Edgar Wright, avant de commencer le tournage de son film il a étudié plusieurs films de braquages. De Bullit en passant par Braquage à l’Italienne et Driver de Walter Hill, le réalisateur à minutieusement décortiqué son histoire, histoire de comprendre mieux comment il devra filmer ses scènes de course poursuite. On l’avait déjà vu à l’œuvre dans Shaun of the dead et Hott Fuzz : Wright sait rythmer ses films. Dans Baby Driver, très peu de moments silencieux, le réalisateur et son équipe se laissent guider par leur montée d’adrénaline. Seulement, à la différence de ces films précédents, notre réalisateur britannique c’est tout particulièrement attardé sur la bande originale de son film. Pourquoi ? Vous allez le comprendre tout de suite.

 

Quand la musique dicte le rythme

 

Ce qui marque d’emblée dans Baby Driver, c’est sa bande originale comportant pas moins d’une trentaine de titres tous au style différent. Ainsi, on peut aussi passer par du Simon and Garfunkel (et leur morceau Baby Driver, qui a inspiré son titre à Edgar Wright) que par du Queen (groupe visiblement fétiche du réal), en passant par Les Beach Boys. Dans tout film, la bande originale est importante, c’est elle qui intensifie l’émotion lors de diverses scènes. Parfois, elle sert même de tempo, de rythme aux d’action.

musique baby driver playlist

Comme par exemple dans Baby Driver où Edgar Wright utilise les titres musicaux de sorte à ce qu’ils guident l’action, le mouvement. Si on décortiquait chaque scène musicale, on pourrait dire que c’est tout une chorégraphie auditive à laquelle nous assistons. Jamais on n’avait vu un film de ce genre réaliser de cette manière. Alors oui, ça tambourine pas mal dès le départ, peu de moments seront sans musiques, il y a aussi ce bruit d’acouphène (ou de larsens à répétitions) qui n’est pas là pour vous percer les tympans ou vous vous faire lever de votre fauteuil pour aller voir un employé et lui signaler un problème de son.
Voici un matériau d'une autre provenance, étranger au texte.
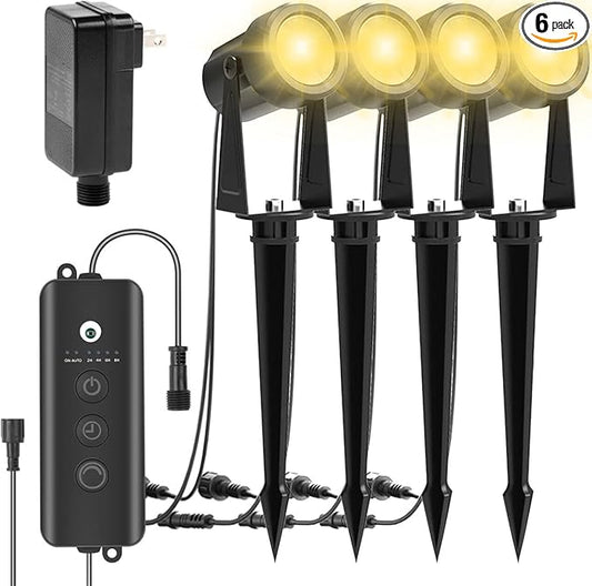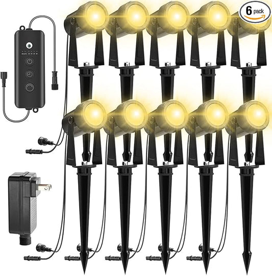 ZYAN Low Voltage Landscape Spotlights LED Landscape Lighting with Sensor, IP65 Waterproof Outdoor Lights for Yard Garden Pathway, Plant Tree Spoltights Dimmable with Timer, Auto ON/Off (6 Pack)

Ce bruit, il sera expliqué en cours de film. Autre chose d’important : chaque chanson raconte le propos accompagnant sa scène, annonçant ce qu’il va se passer. Les chansons sélectionnées minutieusement par Wright ne sont pas un hasard, tout a été calculé, comme ce qui touche le visuel de la mise en scène.

baby driver voiture

Pour les « pseudos » points négatifs, si on ne sait pas où veut nous conduire Wright, on risque de ressortir de la séance assommé physiquement et auditivement. Oui, c’est une qualité et ça peut être un défaut : le trop plein de musiques (ou je me fais vieux).  Elle est pratiquement omniprésente mais c’est elle qui dicte les interactions entre les personnages. Partant de là, vous apprécierez grandement ce film. Quant au scénario, oui il parait simpliste, et pourtant, comme pour le plan d’un braquage, le film répond à un schéma bien coordonné. Notre histoire est bien plus riche qu’elle n’y parait. On a quand même droit à un développement de Baby (notamment son passé et ses flashbacks, et la raison pour laquelle il ne lâche pas sa musique), sa rencontre et son début de relation avec Debora, son histoire avec son tuteur, l’histoire de chaque braqueurs (les groupes seront modifiés) et les futurs enjeux (il y en a plusieurs). Les 1h54 passent vite, pas le temps de vraiment respirer, nous sommes comme « happés » par l’histoire, la musique et le jeu sympathique des acteurs.

 

Stop ! Je relance la chanson. Allez-y !

 

Au final, plus authentique, plus modeste et plus fun qu’un Fast and Furious, Baby Driver mérite tout le buzz tourné autour de lui. C’est cool, drôle, touchant, mignon, stressant, romantique, rythmé,  fou, prenant, swinguant, Edgar Wright a réinventé le genre en un seul film. De quoi donner cette sensation jouissive de découvrir avec des yeux tout neufs, le nouveau monde du cinéma.